DATA BELOW:
────────────────
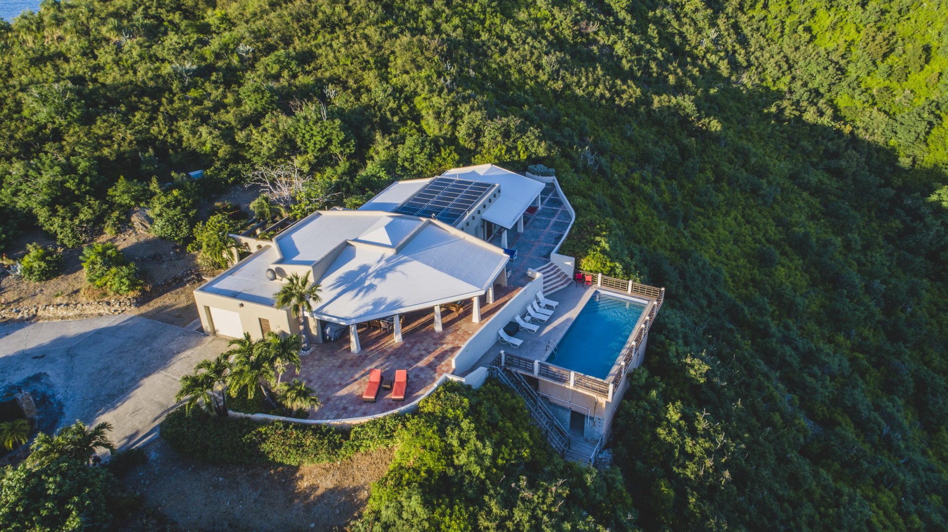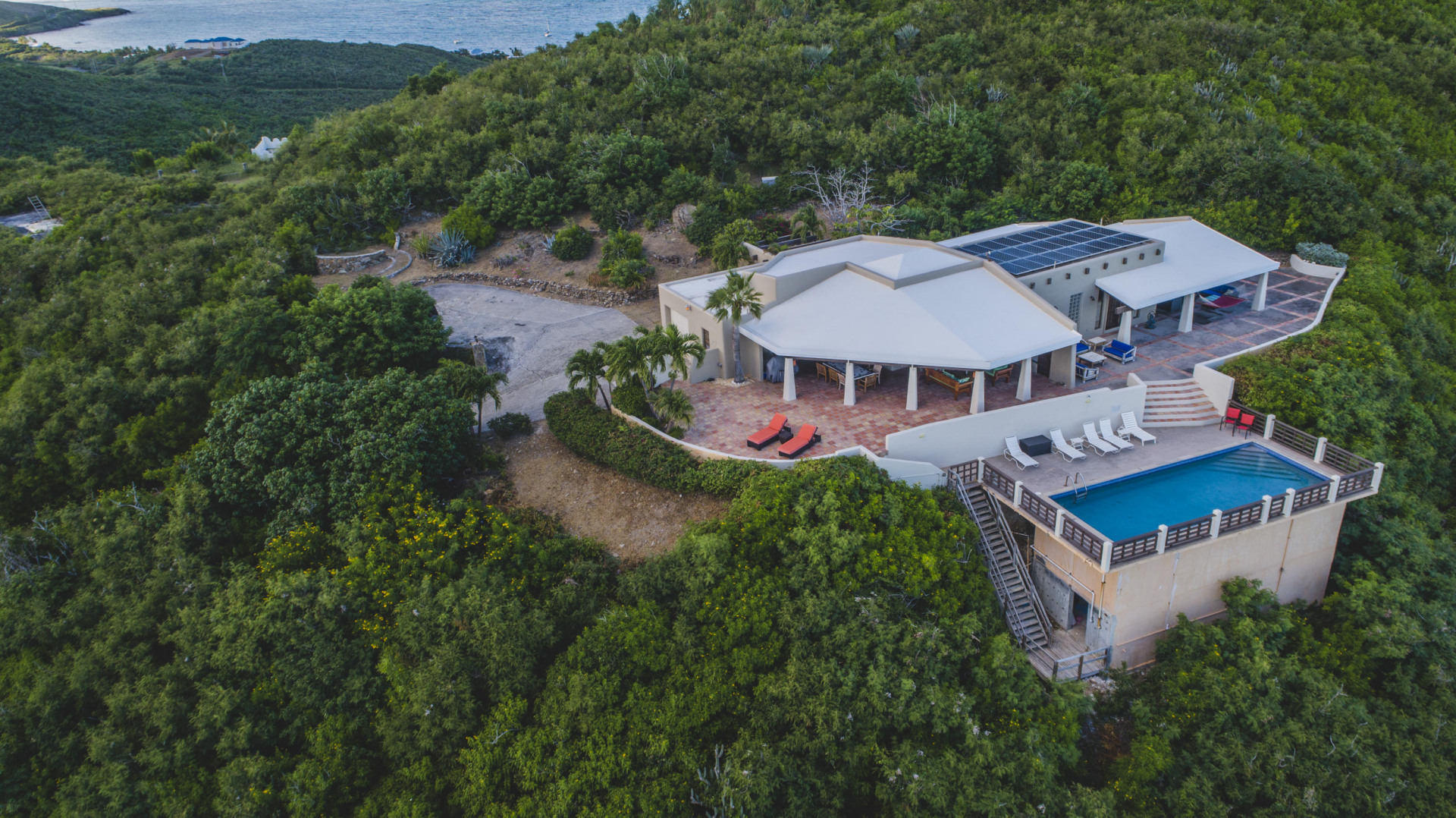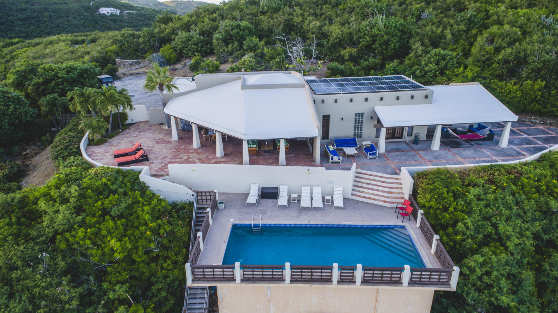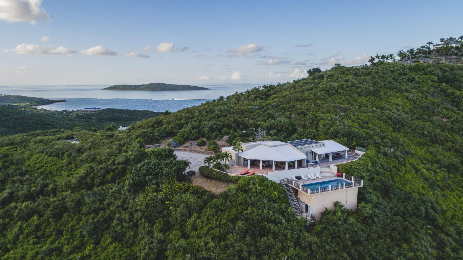 Welcome to the Crucian Hacienda! This sprawling 4/4 home on over 2 acres has a commanding view of the turquoise waters of the South shore. In addition to this stellar view, you will no doubt enjoy the privacy, amazing outdoor space, solar power, large pool, garage, and spacious living areas inside the home. The home has been a very successful vacation rental too! See docs
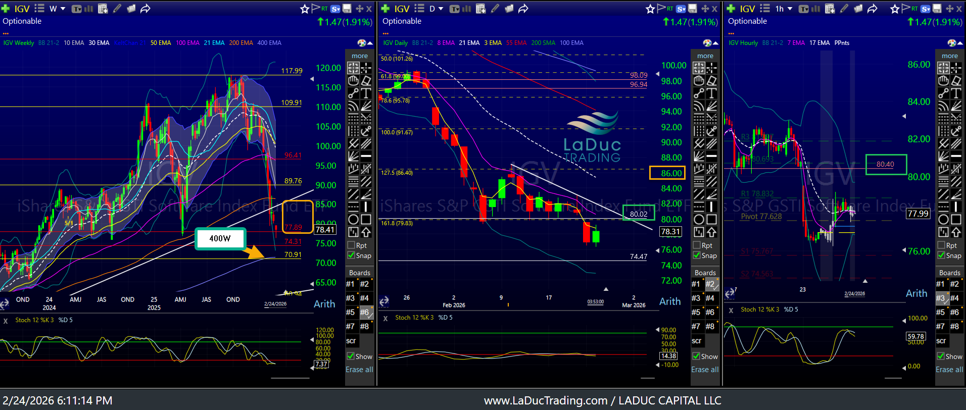 The very popular software index, IGV, is poster child of the tech wreck, after wiping out two years of gains and nearly a $trillion in market cap. I did say past few weeks when many were trying to catch this falling knife to let it fall. Now that it has hit 77.89 monthly support I can see potential for puts monetizing and a chase long - even if 70.91 at the 400W EMA is MUCH stronger support.
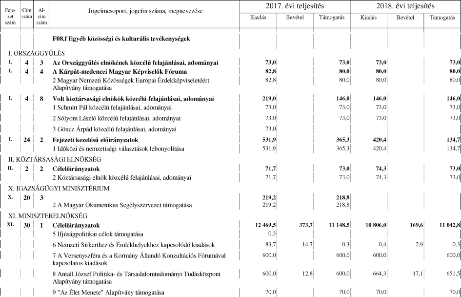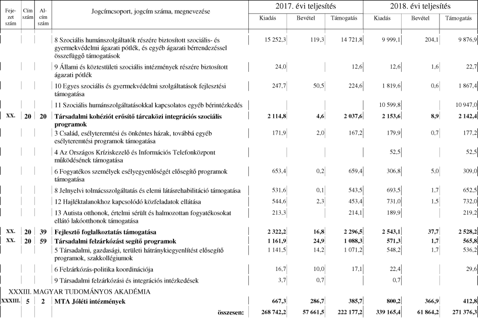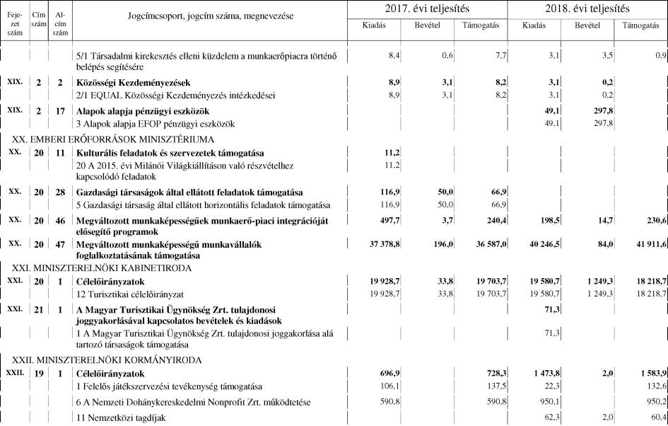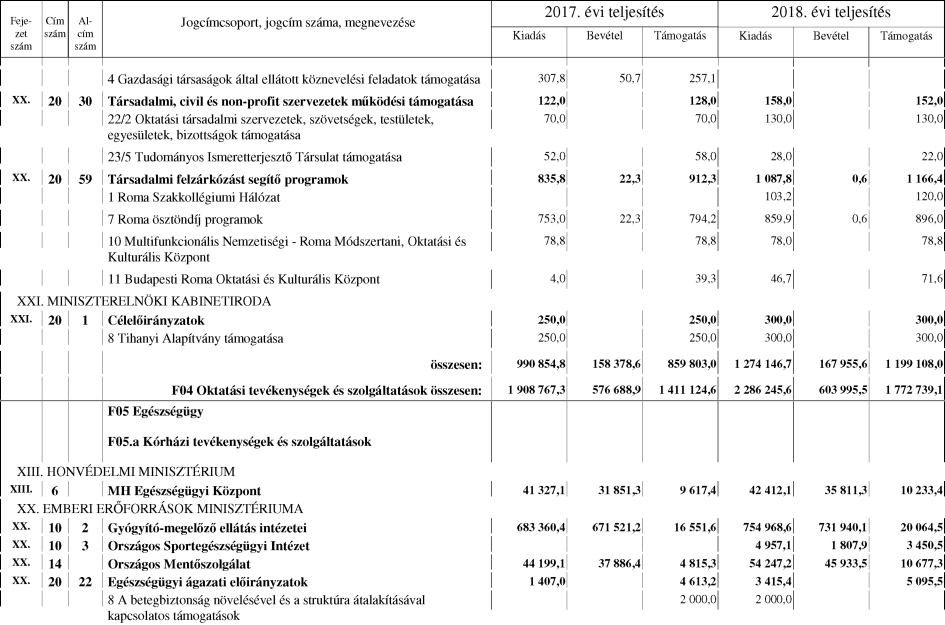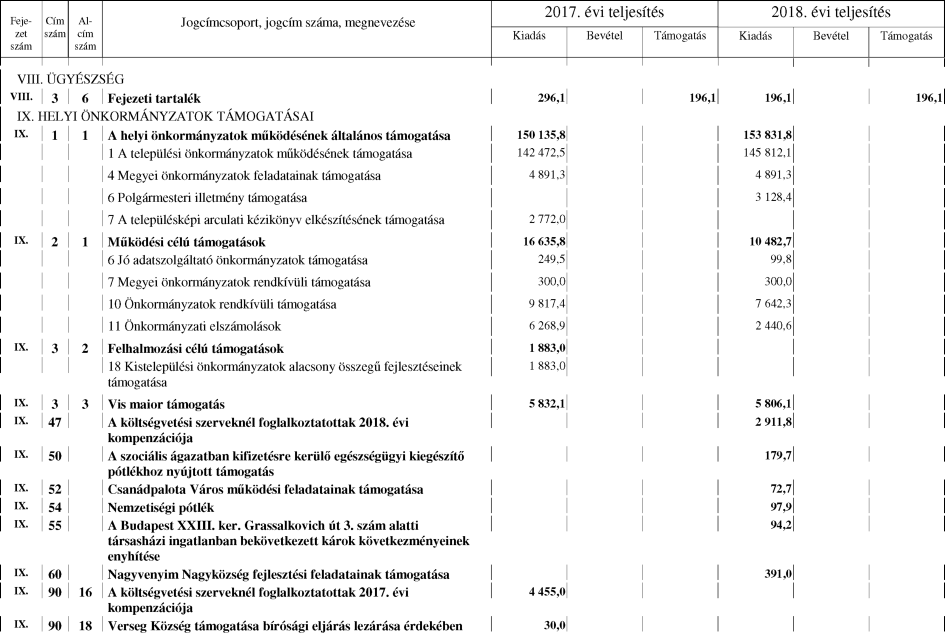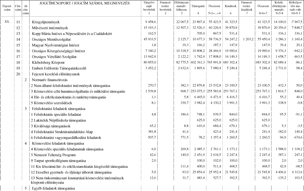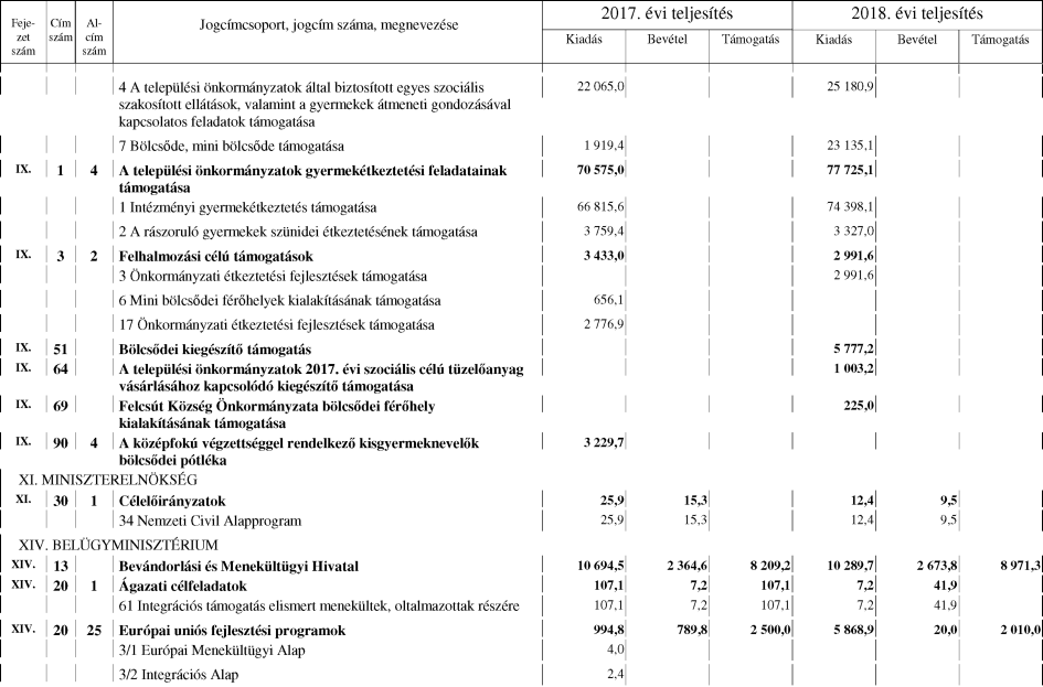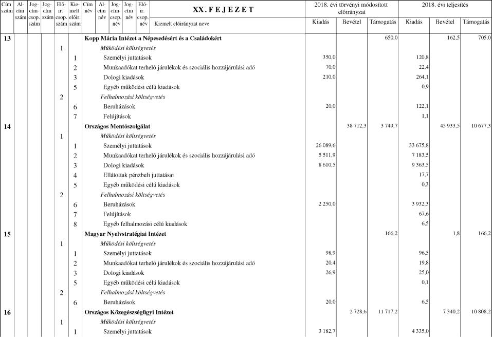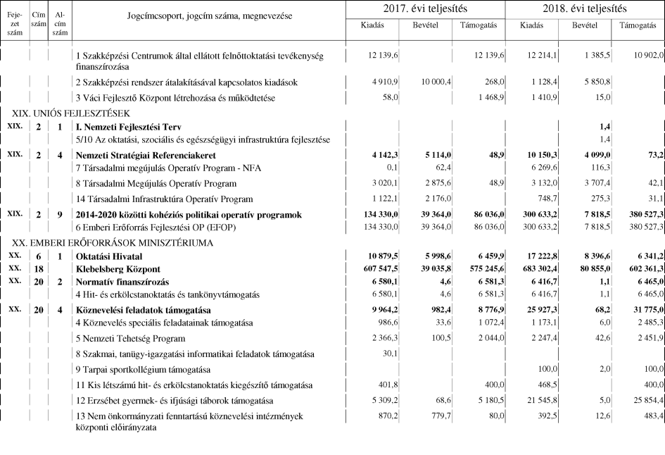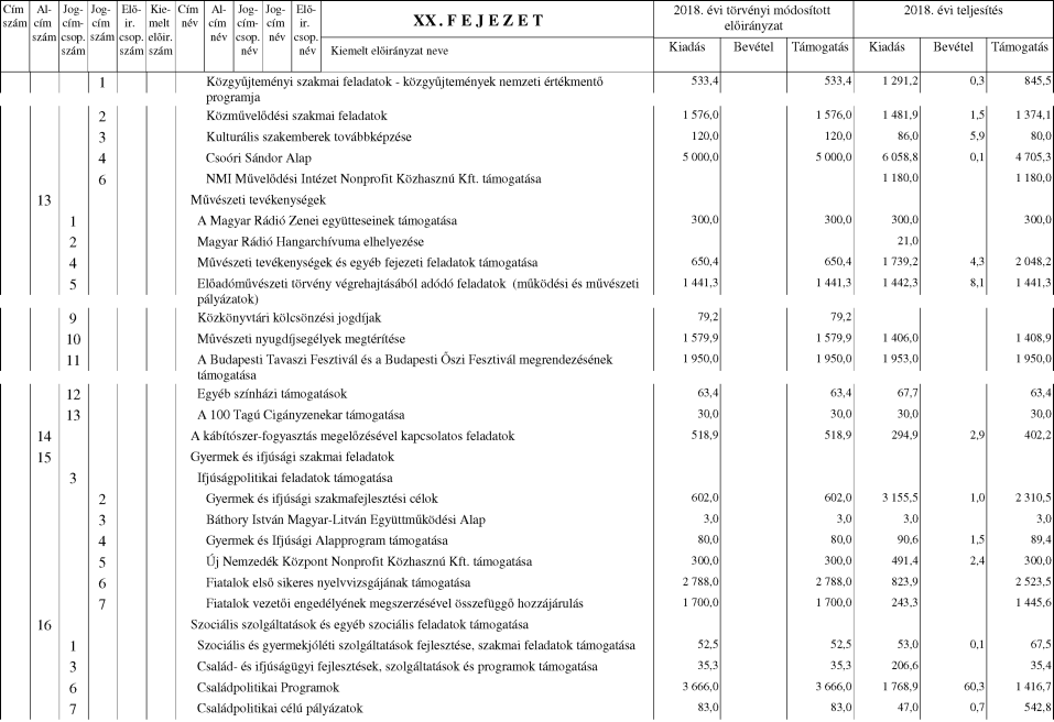 Az Országgyűlés elrendeli, hogy a társadalombiztosítás pénzügyi alapjainak közreműködésével az Emberi Erőforrások Minisztériuma (a továbbiakban: EMMI) fejezet, A költségvetés közvetlen bevételei és kiadásai fejezet terhére finanszírozott ellátások, valamint a közjogi méltóságok hozzátartozói részére járó nyugellátások megtérítésének és kiadásainak különbözeteként 2019. december 31-éig
────────────────
REQUIRED ACTION:
Only the text of the listing should be returned, exactly and in full; no image goes into the copy.

ANSWER TO THIS TASK:
 Welcome to the Crucian Hacienda! This sprawling 4/4 home on over 2 acres has a commanding view of the turquoise waters of the South shore. In addition to this stellar view, you will no doubt enjoy the privacy, amazing outdoor space, solar power, large pool, garage, and spacious living areas inside the home. The home has been a very successful vacation rental too! See docs
 The very popular software index, IGV, is poster child of the tech wreck, after wiping out two years of gains and nearly a $trillion in market cap. I did say past few weeks when many were trying to catch this falling knife to let it fall. Now that it has hit 77.89 monthly support I can see potential for puts monetizing and a chase long - even if 70.91 at the 400W EMA is MUCH stronger support.
 Az Országgyűlés elrendeli, hogy a társadalombiztosítás pénzügyi alapjainak közreműködésével az Emberi Erőforrások Minisztériuma (a továbbiakban: EMMI) fejezet, A költségvetés közvetlen bevételei és kiadásai fejezet terhére finanszírozott ellátások, valamint a közjogi méltóságok hozzátartozói részére járó nyugellátások megtérítésének és kiadásainak különbözeteként 2019. december 31-éig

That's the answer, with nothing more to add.